The choice of target site is crucial in artificial miRNA-mediated virus resistance in transgenic Nicotiana tabacum

MicroRNAs (miRNAs) are negative regulators of gene expression via mRNA degradation or translational repression. The potential of artificial miRNAs (amiRNAs) as antiviral agents has been used in plant biotechnology. In this study, we designed eight amiRNAs derived from Potato Virus Y (PVY) Coat Protein RNA sequences and generated transgenic tobacco plants to express these amiRNAs to confer virus resistance against PVY. Together with transient assays, the hairpin amiRcp precursors that mimic natural miRNA precursor molecules proved to be effective in expressing amiRcps and silencing the target gene. Virus resistance assay revealed that not all amiRcps targeting viral CP sequence are equally effective in preventing PVY infection. Plants with amiRcp-8 targeting the 3′ end (nt735–nt754) region exhibited high virus resistance up to 64.69%. The amiRcp-6 harboring RNA sequence (nt567–nt586) induced the lowest percentages with only 17.05%. Besides, northern blots showed that there was a correlation between the resistance level and the accumulation of amiRNA expression. Furthermore, we used bioinformatics approach to predict the mRNA structure and found that targeting sequences of loose structure benefit to improve the virus resistance level. Our results indicate that the selection of appropriate target sequence is crucial for transgenic plant against virus and provide useful guideline for the design of pathogen-derived amiRNAs.
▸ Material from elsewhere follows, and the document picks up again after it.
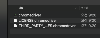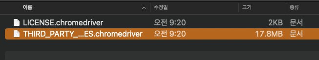 chromedriver ํ์ผ์ ํ์ผ๋ช ์ -> THIRD_PARTY_NOTICES.chromedriver ๋ณ๊ฒฝํ์๋ค.

► Expression of artificial miRNA targeting PVY-CP gene conferred plant high resistance. ► The 3′ end of target gene was more effective than 5′ end in mediating RNA silencing. ► Position of target sequence influence amiRNA-mediated virus resistance. ► The resistance level was well correlated to the miRNA expression level. ► Silencing efficacy depended on amiRNA characteristic and accessibility of target site.